Our next speaker is the one and only, the master chef of PRP, Dr. Charles Runels. He’s going to talk about the O-Shot®, O-Shot® procedure variations, and, importantly, what you need to know about the FDA.

Charles Runels:

I think most of you guys are using PRP now. And there’s a lot of research out and a lot of different techniques.

But the way the PRP works will vary based on where you put it. And there are some people that just aren’t going to get well from PRP. So I thought it might be useful to review that together with what the FDA has to say.

This whole presentation, including the slides, including what I’m recording here, is available to you for free, when I’m done. Use it any way you want. You don’t have to give me credit for it. Go preach it and try to get people well, you don’t have to even mention my name. And that’s where you can pick it up. I’ll give you that later, it’s at that website.

The premise is that, if tissue is made of cells, then if you can make the cells better, you can make the tissue better. And you guys can sculpt with a scalpel, the tissue is to you, what marble would’ve been to the great Rodin. So I’m just the guy, I’m not the smartest guy in the room, I’m the guy that’s going to tell you how to make the marble healthier so that when you do your sculpture, it works better.

Since there’s little systemic effect of PRP it needs to be put in the right place for it to work.
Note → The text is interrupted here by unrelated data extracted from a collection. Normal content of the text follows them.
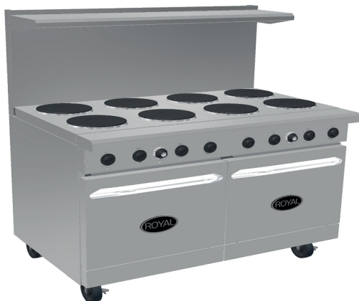
RRE-8 Shown with optional casters

Models: RRE-8 RRE-6GT12 RRE-4GT24 RRE-2GT36 RRE-GT48
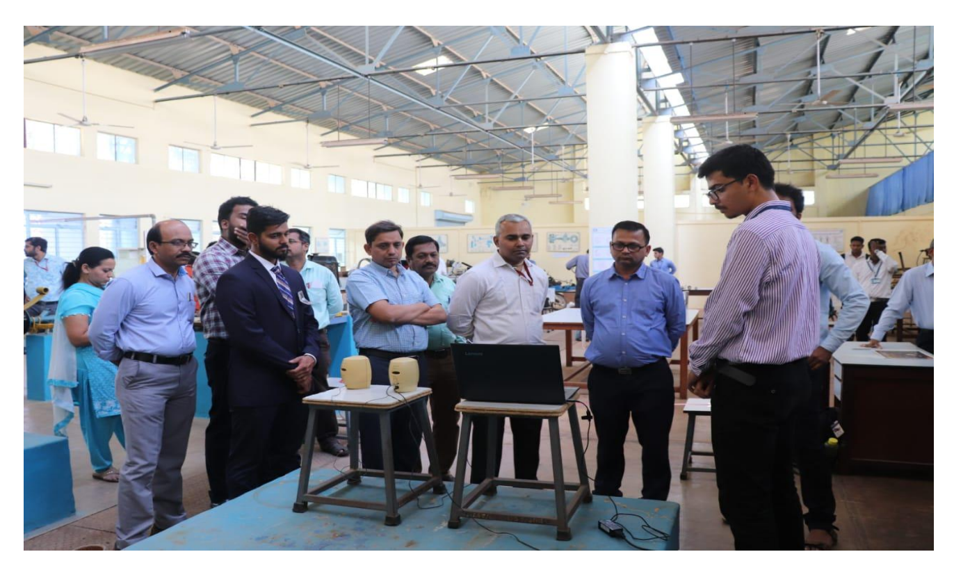
Students Explaining Different Automotive systems
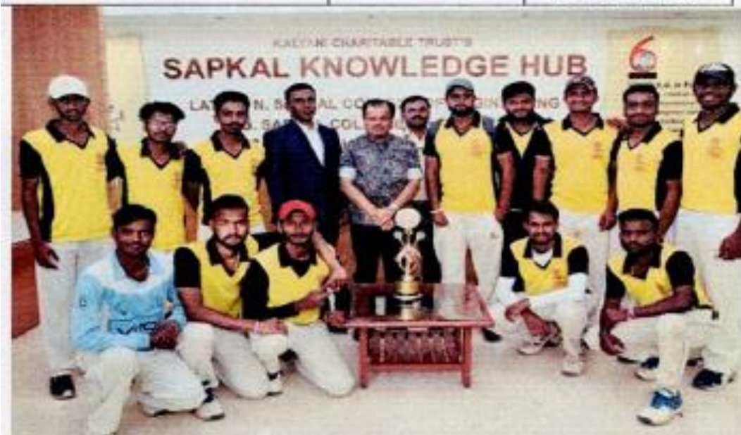
Sapkal Challengers Trophy Runner-up Team
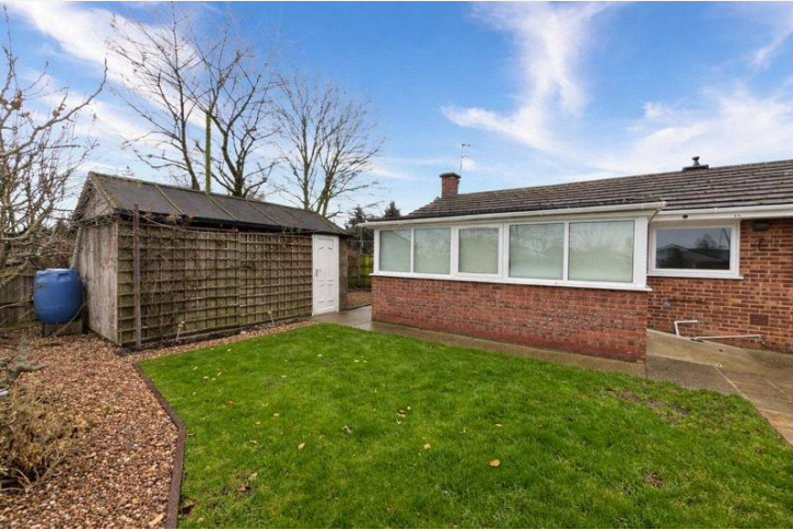
Conservatory - 13'9" x 6'3" (4.2m x 1.9m)
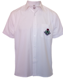
Short Sleeve Shirt
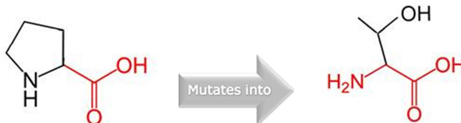
Figure 2. The schematic structures of the original (left) and the mutant (right) amino acid. The backbone, which is the same for each amino acid, is colored red. The side chain, unique for each amino acid, is colored black.

For the prediction of the mutation P275T(rs28928908), each amino acid has its own specific size, charge, and hydrophobicity-value. The original wild-type residue and newly introduced mutant residue often differ in these properties. The wild-type residue is more hydrophobic than the mutant residue. The results were shown in Figure 2.
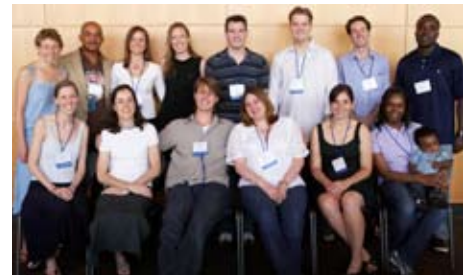
Class of 1997 at Reunion Weekend.
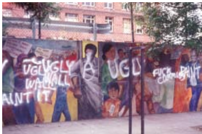
Figure 8 Haight-Ashbury Muralists, Our History Is No Mystery (detail), 1976. Approx. 2–12 ft. x 390 ft. Hayes Street and Masonic Avenue, San Francisco. Reproduced courtesy of the artists. Photo : Tim Drescher.

The question raised by all these examples is this: How is it to be decided which changes are acceptable and which are not? All that is clear, to me at least, is that a mechanism must be established that permits community members to stop unacceptable changes but that allows acceptable ones. Acceptable means simply what they like or don't like, for their reasons. That is what is meant by dynamic . That is what is meant by community .
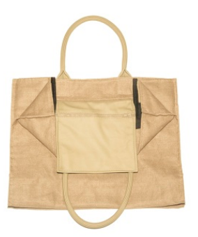
PYRITE TOTE WITH CREAM LEATHER
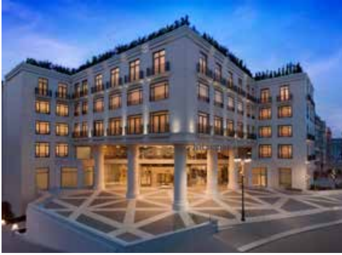
CVK Park Bosphorus Hotel
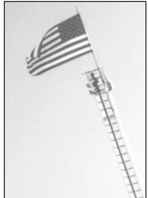
A MIDLAND TRADITION. Each morning opening DOWT festivities, the Baldwin City Fire Department raises the American flag atop their hook-and-ladder truck to the "Star Spangled Banner."

So injection techniques matter, and there’s a lot of discussion about which technique is the best.

What is PRP?

So, what is PRP? There’s a lot of discussion about that as well. If you go deep into the science, everything from washing the platelets to drawing the plasma after aerobic exercise. So there’s an infinite number of variables.

If you go look online, there are over 50,000 papers about how to use beta blockers for Congestive Heart Failure. So the first step is just showing you it works, then there’s an infinite number of variables that leaders, like you guys, need to do to figure out the best way to make it work.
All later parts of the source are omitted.